YOUR ASSIGNMENT: Return, with both end lines included, exactly what the data below holds from the line with "43岁的吴月琴用8万字,记录下了16岁女儿患上抑郁症后的生活日常。" through the line with "绿翅鸭是小型鸭类,体长37厘", though not the pictures.

WORKING DATA:
---
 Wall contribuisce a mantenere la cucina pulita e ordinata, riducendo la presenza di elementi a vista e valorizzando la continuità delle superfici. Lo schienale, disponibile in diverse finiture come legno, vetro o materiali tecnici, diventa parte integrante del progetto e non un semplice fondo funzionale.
---
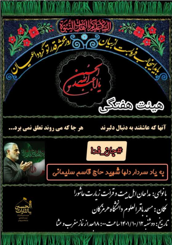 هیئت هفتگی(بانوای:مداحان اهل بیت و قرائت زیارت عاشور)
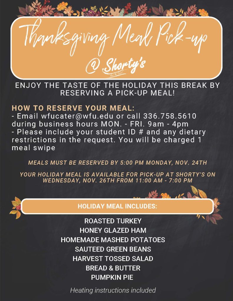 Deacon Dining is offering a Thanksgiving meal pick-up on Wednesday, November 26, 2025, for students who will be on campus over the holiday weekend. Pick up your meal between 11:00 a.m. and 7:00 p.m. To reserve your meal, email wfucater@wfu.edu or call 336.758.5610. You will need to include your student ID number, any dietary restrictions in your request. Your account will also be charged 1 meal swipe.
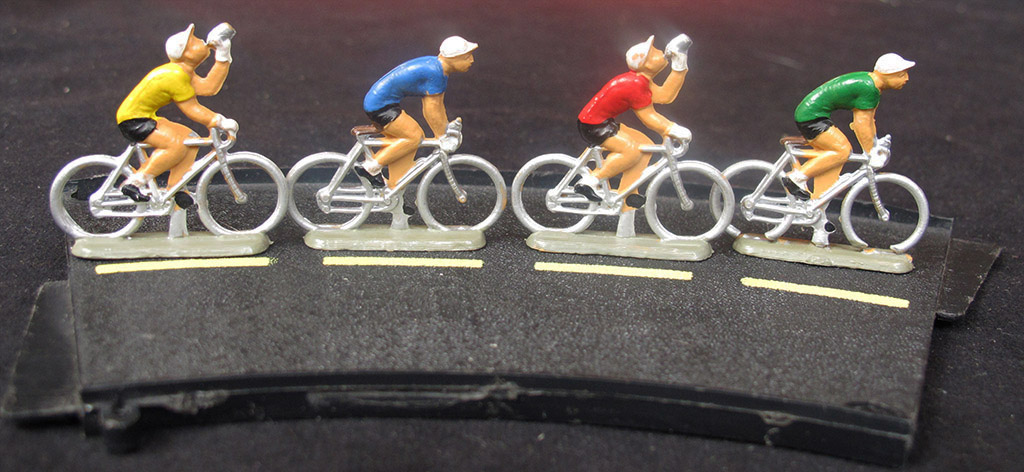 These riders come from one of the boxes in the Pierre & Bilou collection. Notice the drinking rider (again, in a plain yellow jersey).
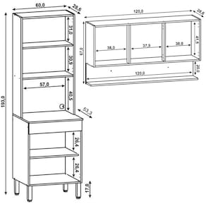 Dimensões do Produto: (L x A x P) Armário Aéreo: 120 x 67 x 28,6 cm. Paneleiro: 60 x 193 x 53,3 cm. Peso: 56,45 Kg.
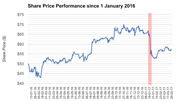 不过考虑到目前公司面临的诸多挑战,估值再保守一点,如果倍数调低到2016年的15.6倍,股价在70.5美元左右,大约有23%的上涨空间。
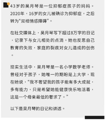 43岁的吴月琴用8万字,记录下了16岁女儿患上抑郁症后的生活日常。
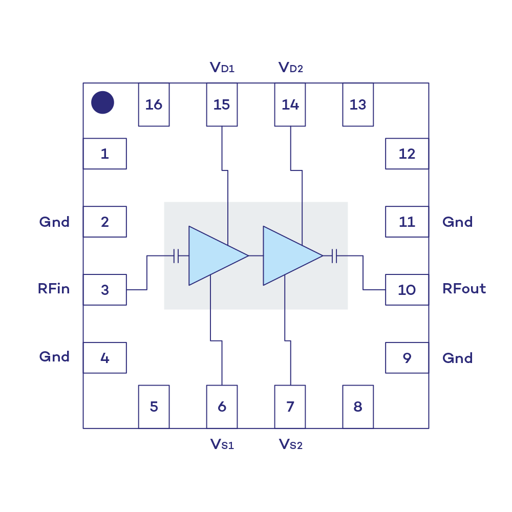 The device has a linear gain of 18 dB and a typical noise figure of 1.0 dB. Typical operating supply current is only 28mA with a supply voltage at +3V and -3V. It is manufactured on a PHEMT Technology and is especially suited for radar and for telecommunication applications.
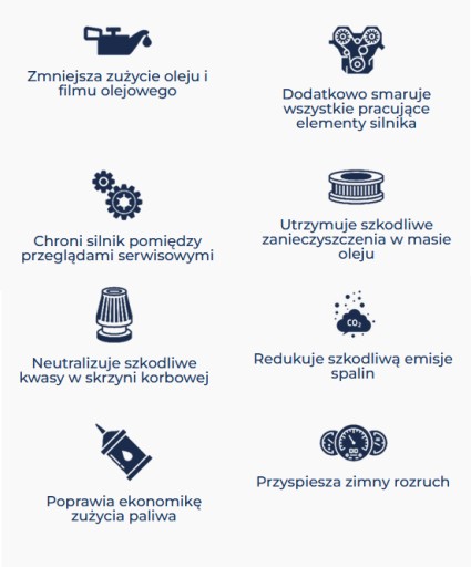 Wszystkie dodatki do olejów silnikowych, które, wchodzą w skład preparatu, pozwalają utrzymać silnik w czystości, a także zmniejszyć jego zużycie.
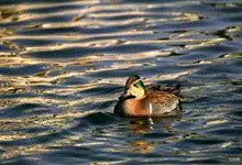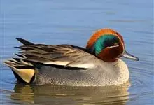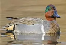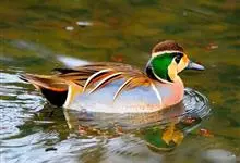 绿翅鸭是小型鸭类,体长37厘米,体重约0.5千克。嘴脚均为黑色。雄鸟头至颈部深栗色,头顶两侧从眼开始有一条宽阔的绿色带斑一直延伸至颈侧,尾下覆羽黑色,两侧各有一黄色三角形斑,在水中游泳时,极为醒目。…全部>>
---
SOLUTION TO THIS TASK:
 43岁的吴月琴用8万字,记录下了16岁女儿患上抑郁症后的生活日常。
 The device has a linear gain of 18 dB and a typical noise figure of 1.0 dB. Typical operating supply current is only 28mA with a supply voltage at +3V and -3V. It is manufactured on a PHEMT Technology and is especially suited for radar and for telecommunication applications.
 Wszystkie dodatki do olejów silnikowych, które, wchodzą w skład preparatu, pozwalają utrzymać silnik w czystości, a także zmniejszyć jego zużycie.
 绿翅鸭是小型鸭类,体长37厘米,体重约0.5千克。嘴脚均为黑色。雄鸟头至颈部深栗色,头顶两侧从眼开始有一条宽阔的绿色带斑一直延伸至颈侧,尾下覆羽黑色,两侧各有一黄色三角形斑,在水中游泳时,极为醒目。…全部>>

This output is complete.